Are they _still_ saying it's a drought? How many months of constant downpour do we need before they concede that it is actually the right sort of rain?
-- Loris, Jul 05 2012


I think most of the hosepipe bans are lifted, but there are still some areas where they're in force.
-- MaxwellBuchanan, Jul 05 2012


Eelectric!
-- xenzag, Jul 05 2012


Umm, good one [xenzag]
-- AusCan531, Jul 05 2012


// How many months of constant downpour do we need before they concede that it is actually the right sort of rain? //

Until wales is completely submerged ('tis a consummation devoutly to be wished).
-- 8th of 7, Jul 05 2012


// since the eels are (inconveniently) air-breathers.//

Can you back that up? To the best of my knowledge they are a typical gilled fish.
-- MechE, Jul 05 2012


England would be submerged before Wales in that scenario, [MB].
-- nineteenthly, Jul 05 2012


//Can you back that up?// No, but Wikipedia on Electric Eel can. They gulp air every so often, and must do so.

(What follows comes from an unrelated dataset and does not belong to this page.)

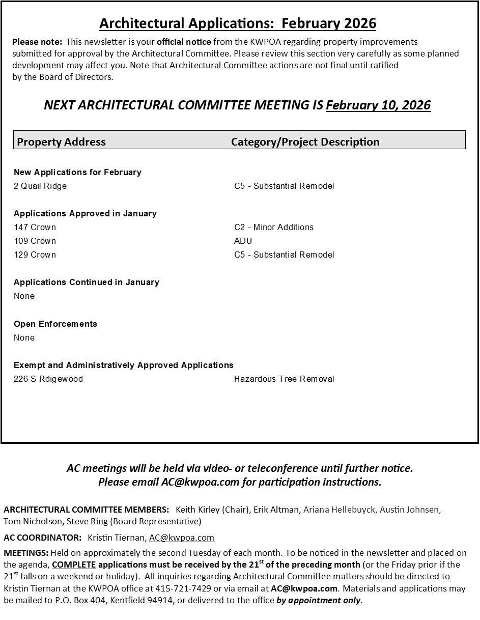 Undergrounding Committee: Thank you to board member Joel Ritch who provided a succinct update on the process and costs involved to underground our electrical lines. This small yet powerful group of volunteers is calling for many more of you that could lend a hand. This is a large undertaking, but as we've recently seen in other parts of Marin, including Tiburon, it’s possible with your help. See article below for information about how to volunteer, and click HERE for the presentation.

//England would be submerged before Wales// Yes, but anyone with the foresight to have inherited a village on the high ground would be fine.
-- MaxwellBuchanan, Jul 05 2012


Whoops, yeah, missed that. Just means the pipes can't be run completely full.
-- MechE, Jul 05 2012


Alert the mathematicians! the "three utilities problem" is solved without graph theory.
-- 4whom, Jul 09 2012


Did I mention the Joule heating of the water also?
-- MaxwellBuchanan, Jul 09 2012


At the risk of detracting from this idea's 'bakeriness, could not the eel components be removed and a conduit of cultured or perhaps even artificial electrocytic cells be used instead?
-- Alterother, Jul 09 2012


//could not the eel components be removed //

They could, but the problem then would be that you wouldn't have any eels, you see.